▸ WHAT THE TASK REQUIRES:
Don't include any picture when you restate the data word for word.

▸ GIVEN MATERIAL:
◇ ◇ ◇ ◇ ◇
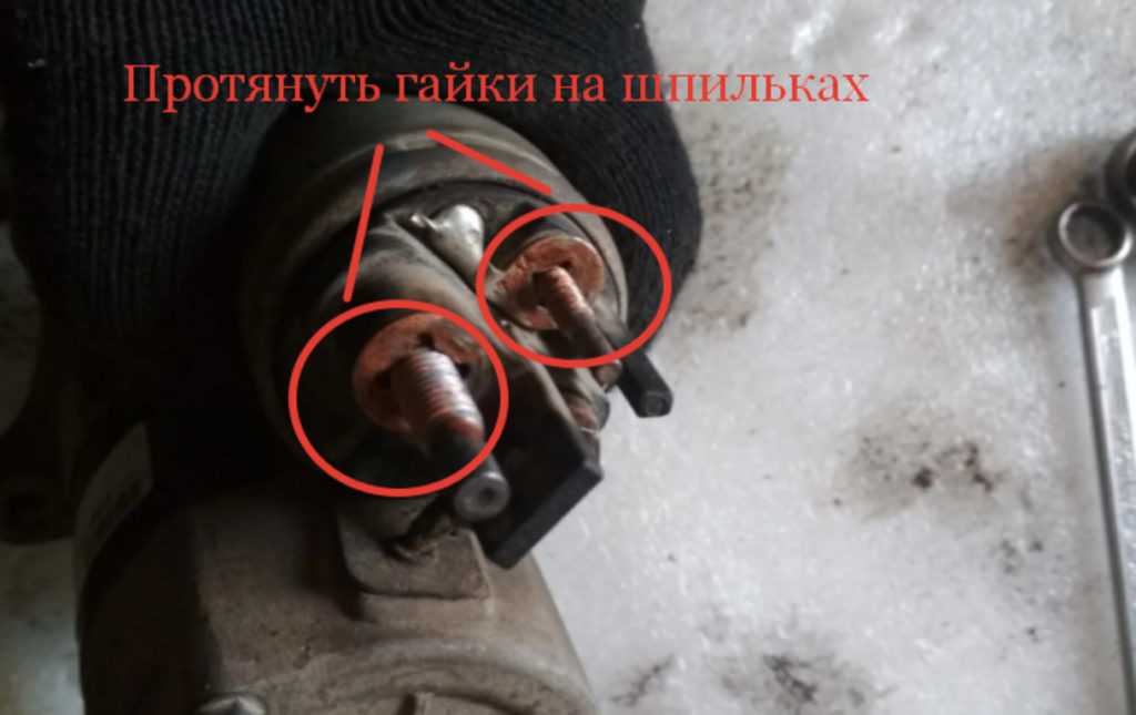 3 — гайка крепления провода электромагнитного реле стартера;
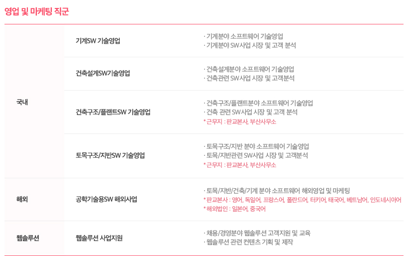 쉽게 말하자면 각 분야의 제품(건설/ 웹솔루션 sw)을 판매하고 홍보/마케팅 하는 직군이라고 볼 수 있다.
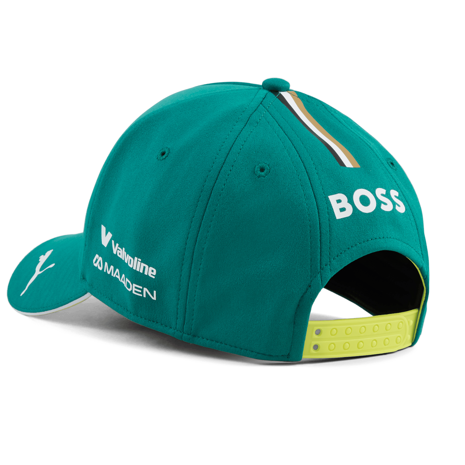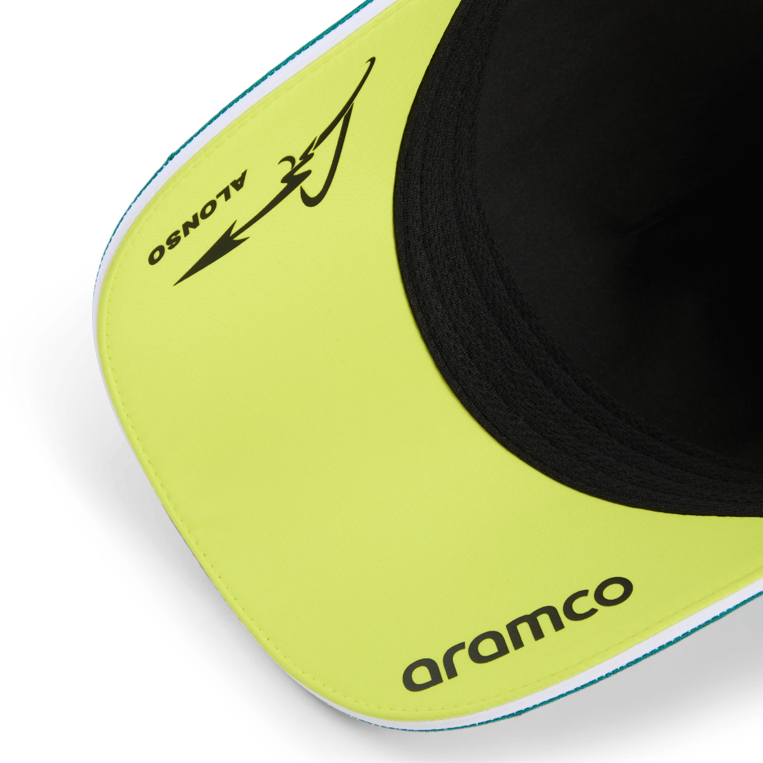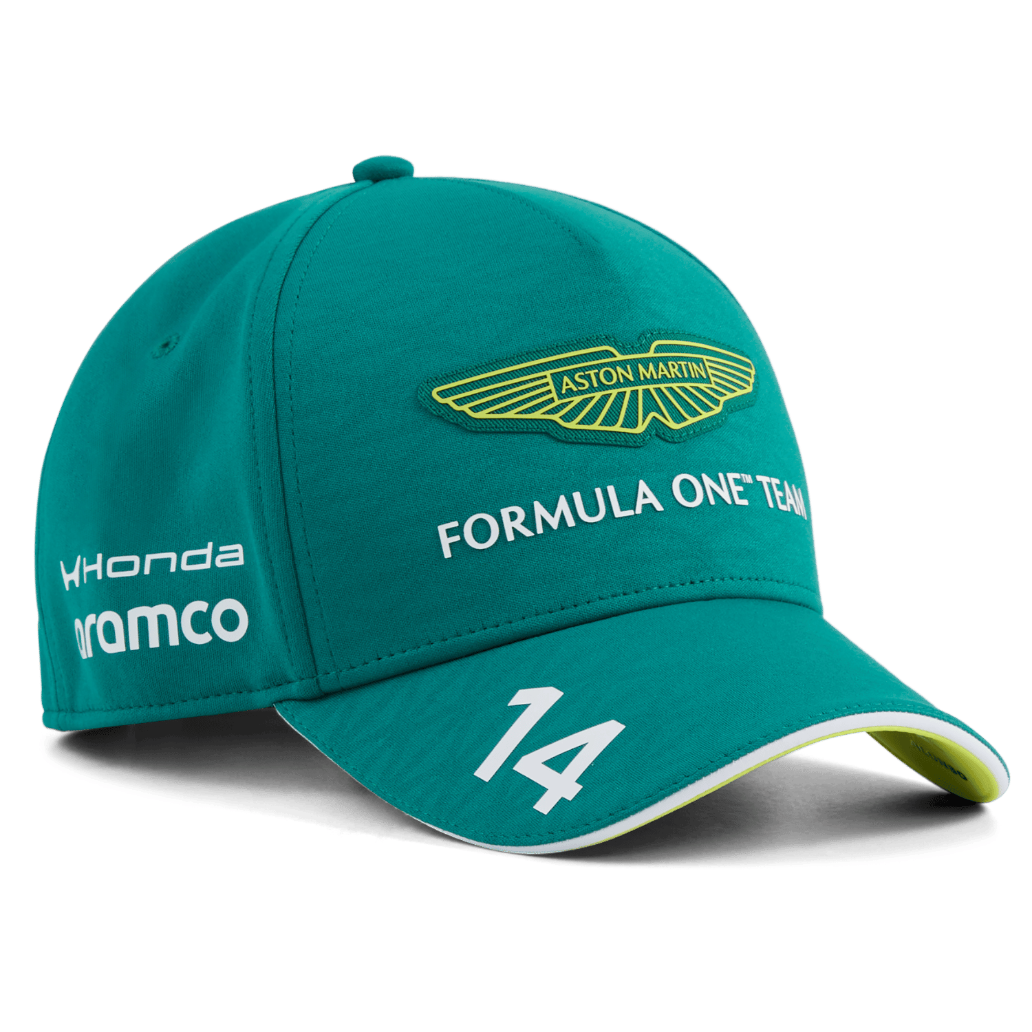 Official Fernando Alonso cap in iconic green. The Aston Martin team logo and sponsors are on the cap, and the number 14 is on the peak. The comfortable fit along with the adjustable back strap ensure comfort throughout the day.
◇ ◇ ◇ ◇ ◇
▸ SOLUTION TO THIS EXERCISE:
 3 — гайка крепления провода электромагнитного реле стартера;
 쉽게 말하자면 각 분야의 제품(건설/ 웹솔루션 sw)을 판매하고 홍보/마케팅 하는 직군이라고 볼 수 있다.
 Official Fernando Alonso cap in iconic green. The Aston Martin team logo and sponsors are on the cap, and the number 14 is on the peak. The comfortable fit along with the adjustable back strap ensure comfort throughout the day.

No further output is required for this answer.